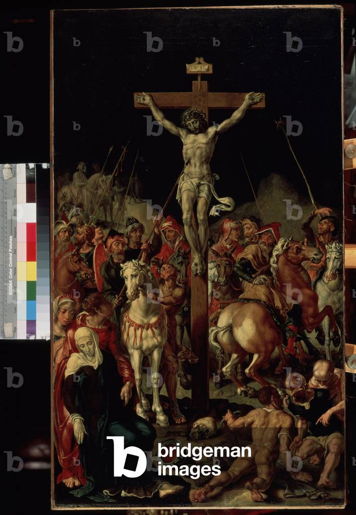 FIA5331887 ""Le calvaire"" (Calvary) La crucifixion. Inscription ""INRI"" sur la croix. Panneau central d'un triptyque. Peinture de Maarten van Heemskerck (Maerten Heemskerk van Veen) (Marten, Martin) (1498-1574) 1545-1550 Dim. 100.7x58.3 cm Musee de l'ermitage, Saint Petersbourg
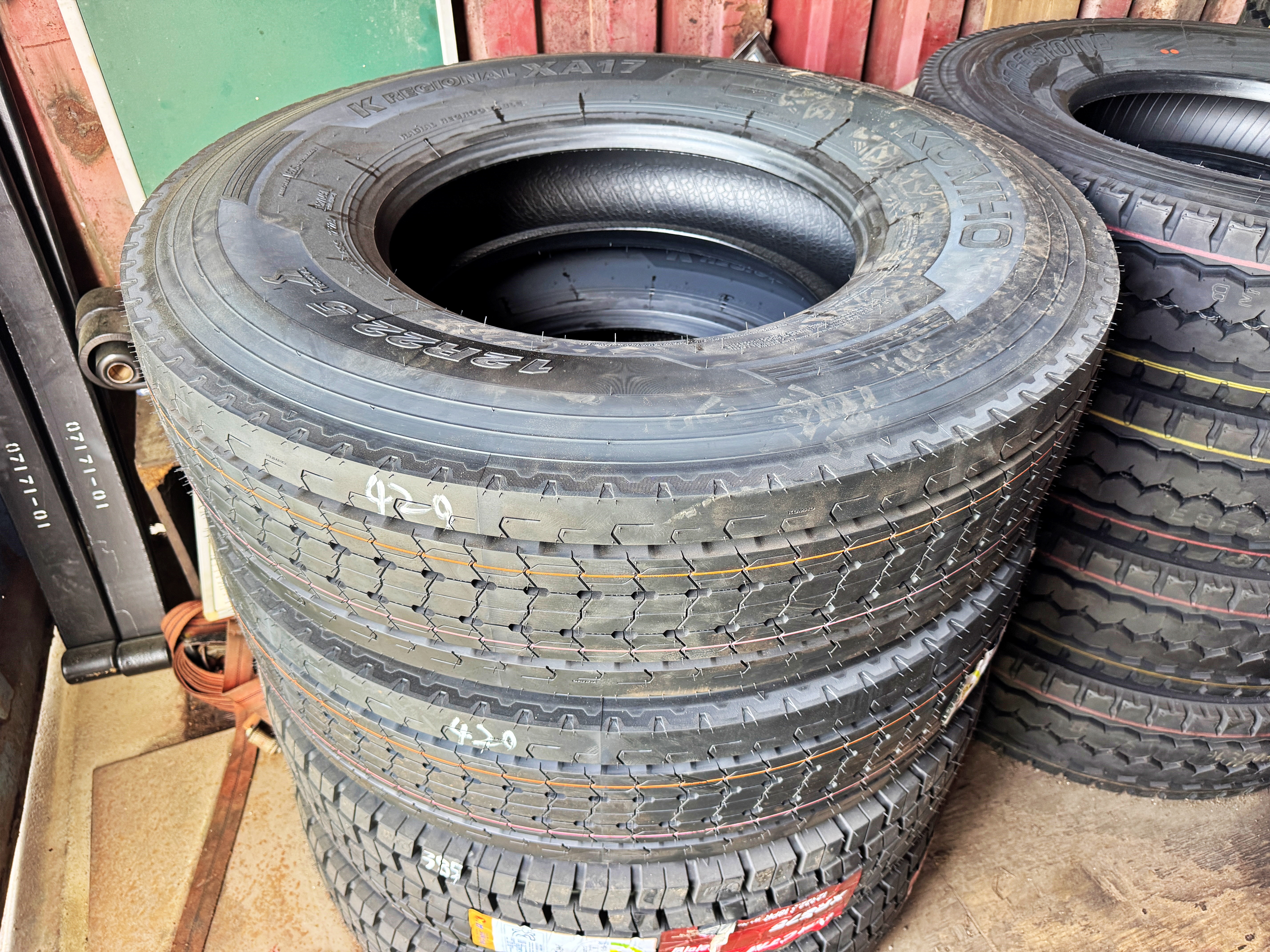 1축과 2축 타이어를 지금 시점에서 교체해야겠다는 생각은 딱히 없었습니다만, 구리스를 치러 간 김에 요즘 장거리도 자주 다니고 최근 타이어값도 대폭 상승했는데 아직 오르기 전 가격을 받는다고 하기에 그냥 1,2축 타이어를 교체하고 왔네요. 5축 타이어로 여름을 버틴 뒤 1,2축을 뒤로 밀어버릴 생각이었으나 그 계획을 조금 앞당긴 것이 되어버렸습니다.
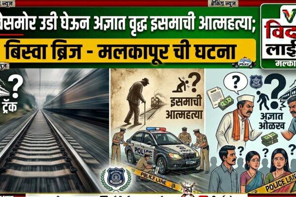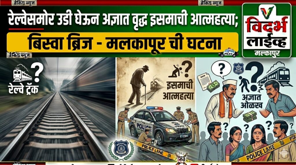 मलकापूर : बिस्वा ब्रिज ते मलकापूर रेल्वे स्टेशन दरम्यान अप लाईनवर एका अज्ञात वृद्ध इसमाने धावत्या रेल्वेसमोर उडी घेऊन आत्महत्या केल्याची धक्कादायक घटना उघडकीस आली आहे. या प्रकरणी मलकापूर शहर पोलीस ठाण्यात मर्ग दाखल करण्यात आला असून पोलिसांकडून मृताची ओळख पटविण्याचे प्रयत्न सुरू आहेत. याबाबत ट्रॅकमॅन निलेश राजाराम ढोले (युनिट क्र. १, वडोदा स्टेशन) यांनी…
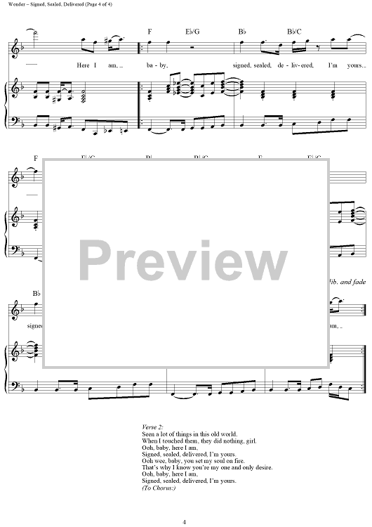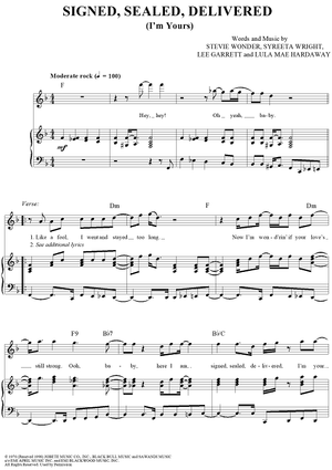 Digital Sheet Music for Signed, Sealed, Delivered (I'm Yours) by Stevie Wonder, Syreeta Wright, Lula Mae Hardaway, Lee Garrett scored for Piano/Vocal/Chords; id:119905
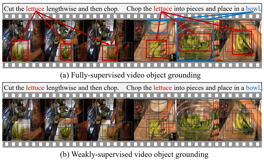根据自然语言描述在视频中对目标物体区域进行定位是一项在诸多下游任务中都需要的能力。如图1所示,由于在视频中进行细粒度的物体标注十分昂贵,因此目前大多数方法都聚焦于弱监督的训练设定,即只有视频和对应的自然语言描述语句标注。虽然该任务近期取得了许多进展,但是它们都没有充分挖掘自然语言描述在跨模态匹配中的潜力。一方面,大多数方法仅从自然语言描述中简单的提取物体文本并用固定的词向量对其进行表示,而忽视了该物体文本丰富的上下文句子内容。另一方面,一些方法尝试了利用上下文来丰富物体文本表示,但这导致了不稳定的跨模态对齐训练,从而大幅降低了性能。其原因在于,在弱监督设定下缺乏对物体区域和对应文本的直接监督信号,多样的物体文本表示会导致跨模态匹配噪声很大,而稳定的物体文本表示则可以在匹配空间中为物体区域提供稳定的聚类中心。
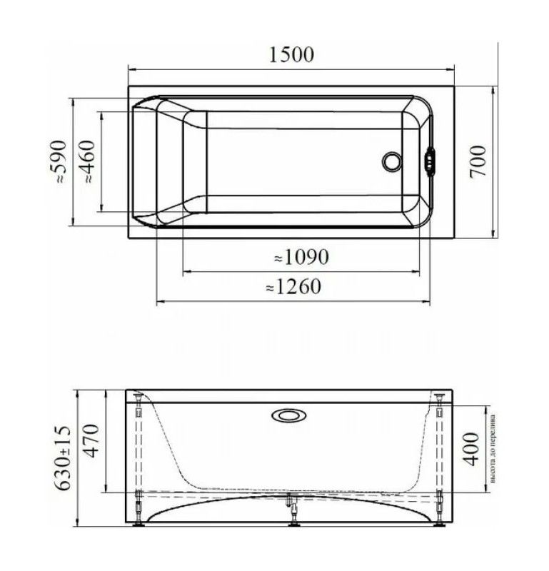 Акриловая ванна Aquanet AGATA 150х70 00347931
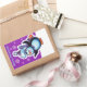 Lila Weihnachts-Rechteck Aufkleber Pinguin Skater.
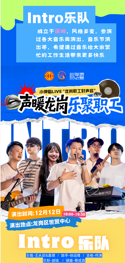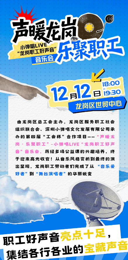 历经多场公益课的兴趣培养与打磨,第四届“工会杯”合作项目——“声暖龙岗・乐聚职工”小弹唱LIVE“龙岗职工好声音”音乐会将于12月12 日18:00-19:30在龙岗世贸中心迎来收官。这场由龙岗区总工会主办的音乐盛宴,将见证平凡岗位劳动者的华丽蜕变。
#####
- _EXERCISE_
Please output the listing above exactly from its first line through the line with "Lila Weihnachts-Rechteck Aufkleber", both included, and nothing beyond that line. Omit pictures.

- _YOUR RESPONSE_
 FIA5331887 ""Le calvaire"" (Calvary) La crucifixion. Inscription ""INRI"" sur la croix. Panneau central d'un triptyque. Peinture de Maarten van Heemskerck (Maerten Heemskerk van Veen) (Marten, Martin) (1498-1574) 1545-1550 Dim. 100.7x58.3 cm Musee de l'ermitage, Saint Petersbourg
 1축과 2축 타이어를 지금 시점에서 교체해야겠다는 생각은 딱히 없었습니다만, 구리스를 치러 간 김에 요즘 장거리도 자주 다니고 최근 타이어값도 대폭 상승했는데 아직 오르기 전 가격을 받는다고 하기에 그냥 1,2축 타이어를 교체하고 왔네요. 5축 타이어로 여름을 버틴 뒤 1,2축을 뒤로 밀어버릴 생각이었으나 그 계획을 조금 앞당긴 것이 되어버렸습니다.
 मलकापूर : बिस्वा ब्रिज ते मलकापूर रेल्वे स्टेशन दरम्यान अप लाईनवर एका अज्ञात वृद्ध इसमाने धावत्या रेल्वेसमोर उडी घेऊन आत्महत्या केल्याची धक्कादायक घटना उघडकीस आली आहे. या प्रकरणी मलकापूर शहर पोलीस ठाण्यात मर्ग दाखल करण्यात आला असून पोलिसांकडून मृताची ओळख पटविण्याचे प्रयत्न सुरू आहेत. याबाबत ट्रॅकमॅन निलेश राजाराम ढोले (युनिट क्र. १, वडोदा स्टेशन) यांनी…
 Digital Sheet Music for Signed, Sealed, Delivered (I'm Yours) by Stevie Wonder, Syreeta Wright, Lula Mae Hardaway, Lee Garrett scored for Piano/Vocal/Chords; id:119905
根据自然语言描述在视频中对目标物体区域进行定位是一项在诸多下游任务中都需要的能力。如图1所示,由于在视频中进行细粒度的物体标注十分昂贵,因此目前大多数方法都聚焦于弱监督的训练设定,即只有视频和对应的自然语言描述语句标注。虽然该任务近期取得了许多进展,但是它们都没有充分挖掘自然语言描述在跨模态匹配中的潜力。一方面,大多数方法仅从自然语言描述中简单的提取物体文本并用固定的词向量对其进行表示,而忽视了该物体文本丰富的上下文句子内容。另一方面,一些方法尝试了利用上下文来丰富物体文本表示,但这导致了不稳定的跨模态对齐训练,从而大幅降低了性能。其原因在于,在弱监督设定下缺乏对物体区域和对应文本的直接监督信号,多样的物体文本表示会导致跨模态匹配噪声很大,而稳定的物体文本表示则可以在匹配空间中为物体区域提供稳定的聚类中心。
 Акриловая ванна Aquanet AGATA 150х70 00347931
 Lila Weihnachts-Rechteck Aufkleber Pinguin Skater.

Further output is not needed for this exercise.